Exercise description: Your task is to print all of the data below exactly, with no pictures included.

Data:
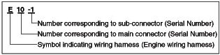 A connector identification symbol consists of a wiring harness location classification symbol corresponding to a wiring harness location and number corresponding to the connector.
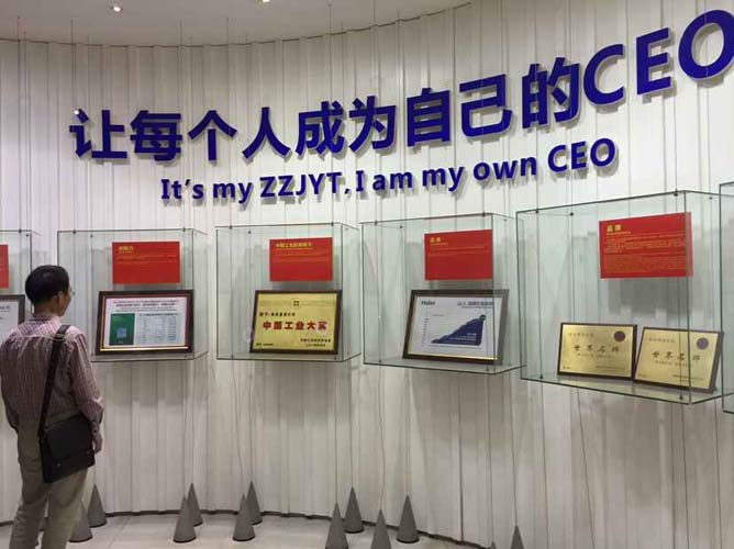 海爾智能生活展中貼出的標語“讓每個人成為自己的CEO”。
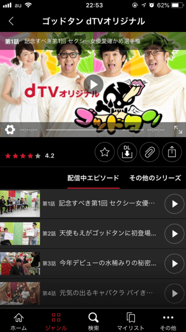 dTVアプリは、スマホに映像作品をダウンロードできます。

Result for this task:
 A connector identification symbol consists of a wiring harness location classification symbol corresponding to a wiring harness location and number corresponding to the connector.
 海爾智能生活展中貼出的標語“讓每個人成為自己的CEO”。
 dTVアプリは、スマホに映像作品をダウンロードできます。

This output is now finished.